1.15pm and there is still a queue. Shorter this time and manageable. So my boyfriend and I get in line and eventually through the doors. We are welcomed with the sight of hoards of students, scrambling to get to the front of each employer’s stall. Desperate to impress would be the best description. I actually got stuck in a crowd of people, the type of stuck where you are utterly squashed on all sides with no means of escaping.
The employers stalls were tiny and the representatives simply drummed out the same old information, more easily found using a little thing called the Internet! My boyfriend asked a white-faced representative from GCHQ ‘What if I wanted to do a graduate programme that crossed the boundaries between Management and Linguistics’. The answer was basically no, said in a few more words.

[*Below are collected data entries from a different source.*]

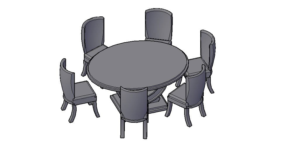 Dining Table 3D Model In AutoCAD File which shows 3d drawing of dining table with 6 chairs in roud shape with an isometric view and hatching.
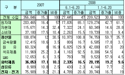 철근(112.1%), 철강판(58.8%) 등 철강제품(46.9%)과 알루미늄괴(7.3%), 동괴(3.8%) 등 비철금속제품(3.4%)의 수입이 증가했고, 유연탄(72.3%), 사료(49.2%), 의약품(23.0%), 펄프(16.6%), 금(14.7%) 등도 증가한 것으로 나타났다. 자본재(14.6%)는 무선통신부품(68.8%), 액정디바이스(40.0%), 휴대용컴퓨터(25.5%) 수입이 큰 폭으로 증가한 반면, 반도체 제조용 장비(23.1%), 공기조절기(10.1%), 소형직류전동기(5.6%) 수입은 감소했다. 소비재는 꾸준한 증가세(18.1%)로 농산물(42%)ㆍ승용차(29%) 등이 증가했다. 중국산 수입은 철강제품(55.2%), 액정디바이스(46.2%), 반도체(43.7%), 가정용전자제품(18.9%), 컴퓨터(16.4%), 섬유제품(5.8%) 등을 중심으로 증가했고, 일본제품은 자동차(36.4%), 철강제품(32.0%), 중전기기(28.1%), 정밀화학제품(21.4%), 반도체(10.7%) 등이 증가하고 반도체 제조용 장비(36.2%) 등은 감소했다. 미국산 수입은 철강제품(70.6%), 축산물(22.7%), 일반기계(8.6%), 비철금속제품(5.5%) 등이 증가하고, 반도체 제조용 장비(30.8%), 석유화학제품(20.6%), 반도체(14.1%) 등은 감소했다. EU 제품은 자동차(25.7%), 정밀화학제품(24.0%), 기초산업기계(20.5%), 전자부품(17.6%), 철강제품(9.7%) 등을 중심으로 수입이 증가했고 ASEAN 수입은 비철금속제품(88.8%), 농산물(58.4%), 섬유제품(33.2%), 반도체(20.7%), 금속광물(20.2%), 컴퓨터(3.7%) 등 대부분 품목이 증가한 것으로 나타났다. 표, 그래프: | 주요 품목의 수입동향(2008.H1) | <화학저널 2008/7/2> |
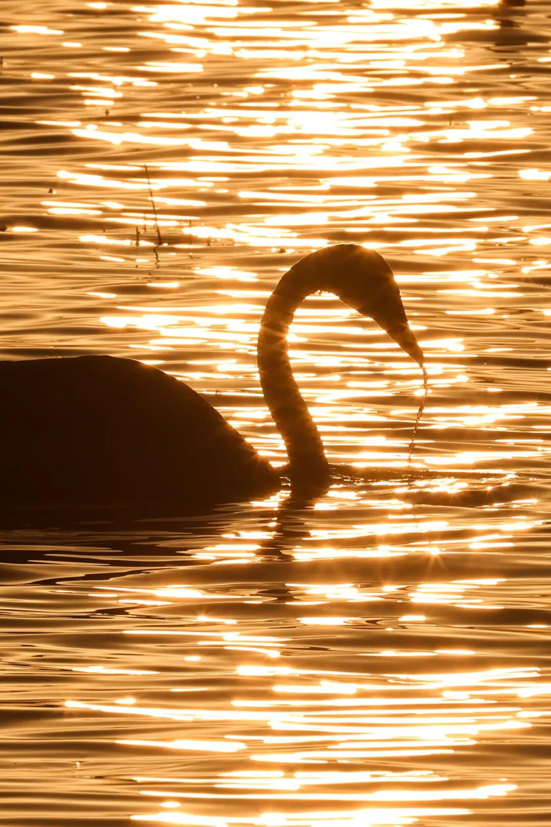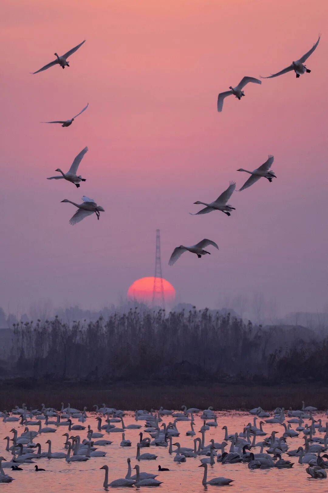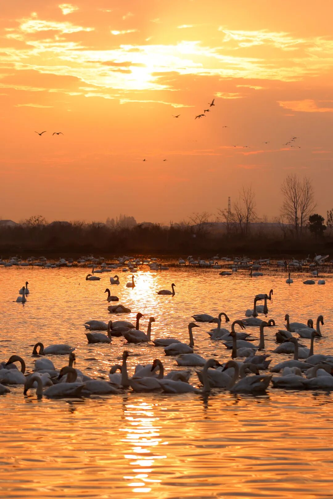 晨光里听天鹅穿雾鸣叫,夕阳下看鸟群归巢剪影。
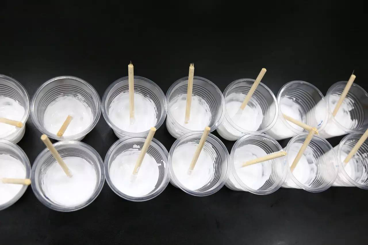 王工首先將硬脂酸鋅乳液取樣到燒杯中,然后將硬脂酸鋅乳液分別注入20個樣品杯中,每個樣品杯均10g。然后往20個樣品杯分別滴加一款適合助磨劑配方的中聯邦消泡劑,各0.05g。
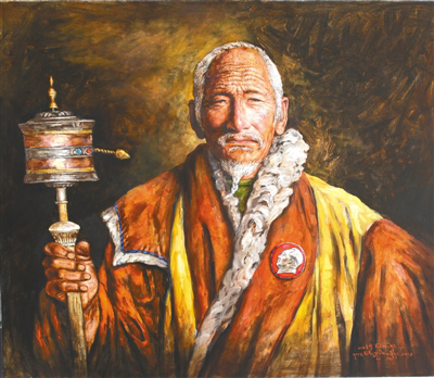 “我曾遇到過民主改革后重獲新生的翻身農(nóng)奴,他們的經(jīng)歷非??部馈τ谒麄儊碚f,對給予他們自由的毛主席有著很深的感情。老一輩翻身農(nóng)奴為表達(dá)感激之情,便有了佩戴毛主席像章每天做祈禱的人?!彼髀峄貞浿?dāng)初繪畫《永遠(yuǎn)的懷念》這幅作品時(shí)的情景。
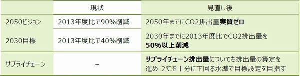 2030年目標は「CO2排出量を2013年度比で40%削減」から「50%以上削減」とし、2050年目標を「90%削減」から「CO2排出量実質ゼロ」と変更する。また、サプライチェーン排出量についても全国生協で排出量の算定を進め、将来的に2℃を十分に下回る水準で目標設定を目指す。
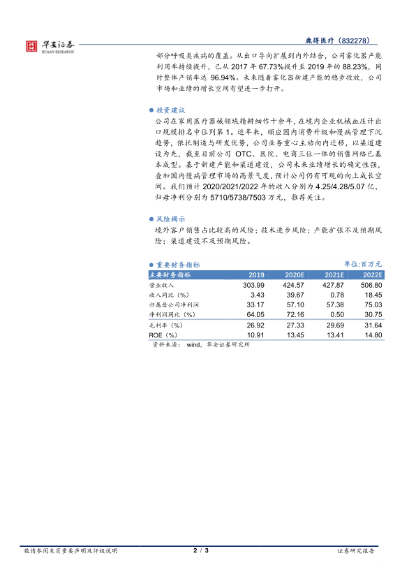 公司在家用医疗器械领域精耕细作十余年,在境内企业机械血压计出口规模排名中位列第1。近年来,顺应国内消费升级和慢病管理下沉趋势,依托制造与研发优势,公司业务重心主动向内迁移,以渠道建设为先,截至目前公司OTC、医院、电商三位一体的销售网络已基本成型。基于新建产能和渠道建设,公司未来业绩增长的确定性强,叠加国内慢病管理市场的高景气度,预计公司仍有可观的向上成长空间。我们预计2020/2021/2022年的收入分别为4.25/4.28/5.07亿,归母净利分别为5710/5738/7503万元,推荐关注。
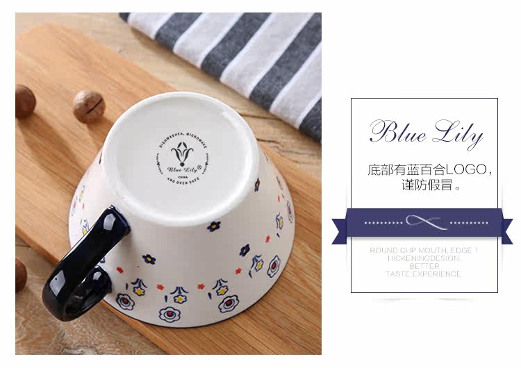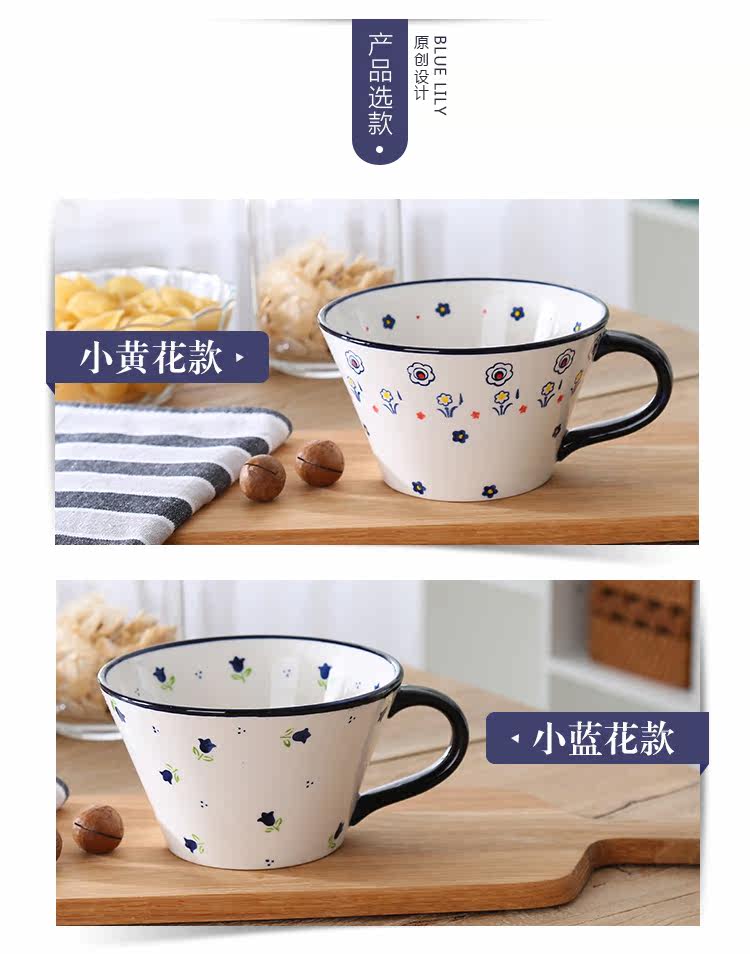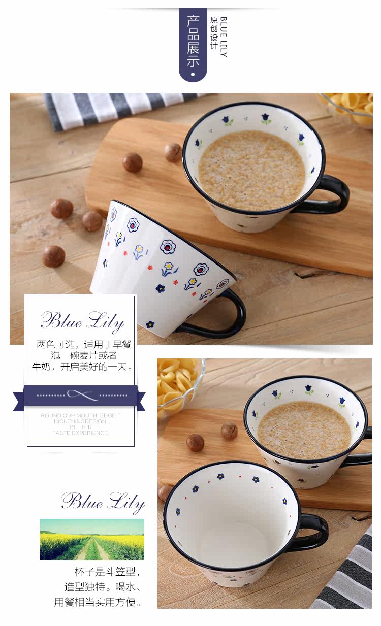 田园小清新小碎花蛋形早餐把手餐杯麦片杯 大容量咖啡杯陶瓷杯
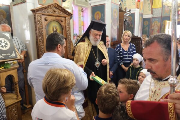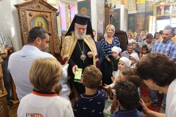 Ο Σεβασμιώτατος προ της απολύσεως του Εσπερινού διένειμε στους πιστούς ευλογίες για την προλαβούσα εορτή του Αγίου Δωροθέου και σε όλα τα παιδιά δώρα.
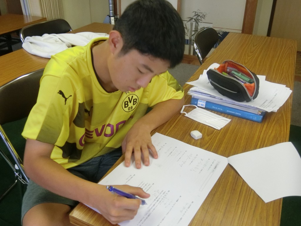 一人ひとりが各教科の課題と夏休みの宿題に取り組みます。皆真剣です。この習慣をこの合宿中に身に付け、夏を乗り切ろう!
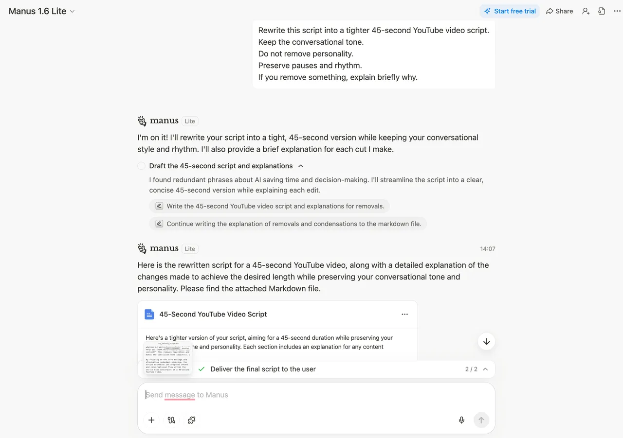 The first two rounds revealed strong structural editing logic. Manus effectively identified repetition and reorganized the script into a tighter version, though it prioritized conciseness over performance rhythm.
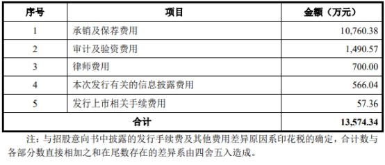 思科瑞本次发行费用总额为13,574.34万元(发行费用均为不含税金额),其中,中国银河证券股份有限公司获得承销及保荐费用10,760.38万元。
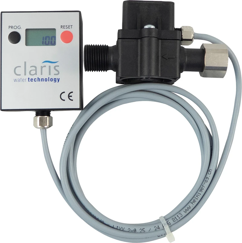 - Der Flow-Sensor misst die durchgeflossene Wassermenge und signalisiert optisch und akustisch den bevorstehenden Filterwechsel
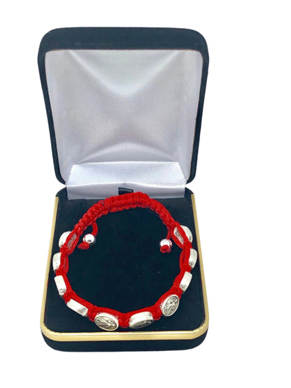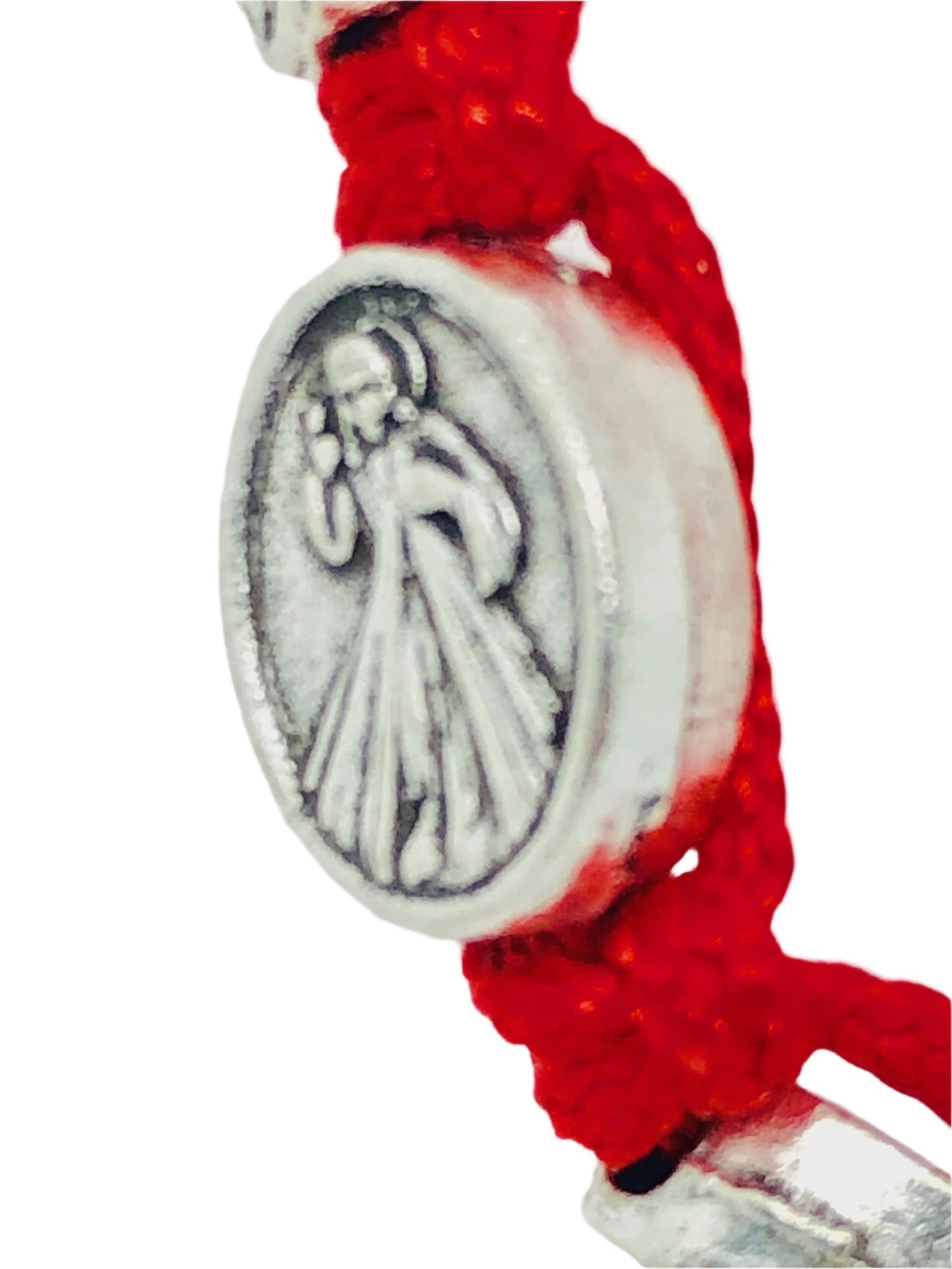 Medalla de plata de la Divina Misericordia en un cordón rojo tejido. Nudo corredizo, talla única. Lleve su rosario directamente en su muñeca. Viene en una lujosa caja de regalo de terciopelo negro.

So we come to my conclusion. Some of the grad schemes out there are just too inflexible. They create ready-made schemes with a development plan, career path, progression etc. They do all this before they have even met you. ‘We don’t care if you want to do Management with Linguistics you can only do EITHER Management OR Linguistics, don’t confuse us!’. I urge all you undergraduates out there to make sure that you are accepting a grad scheme that is right for you, not right for them! Overall, as I stood at the Guardian Graduate Fair I realised I was staring my competition in the face. When you’re submitting that application, you know they’re there submitting one too. But I actually saw them, in their thousands... How can anyone possibly stand out?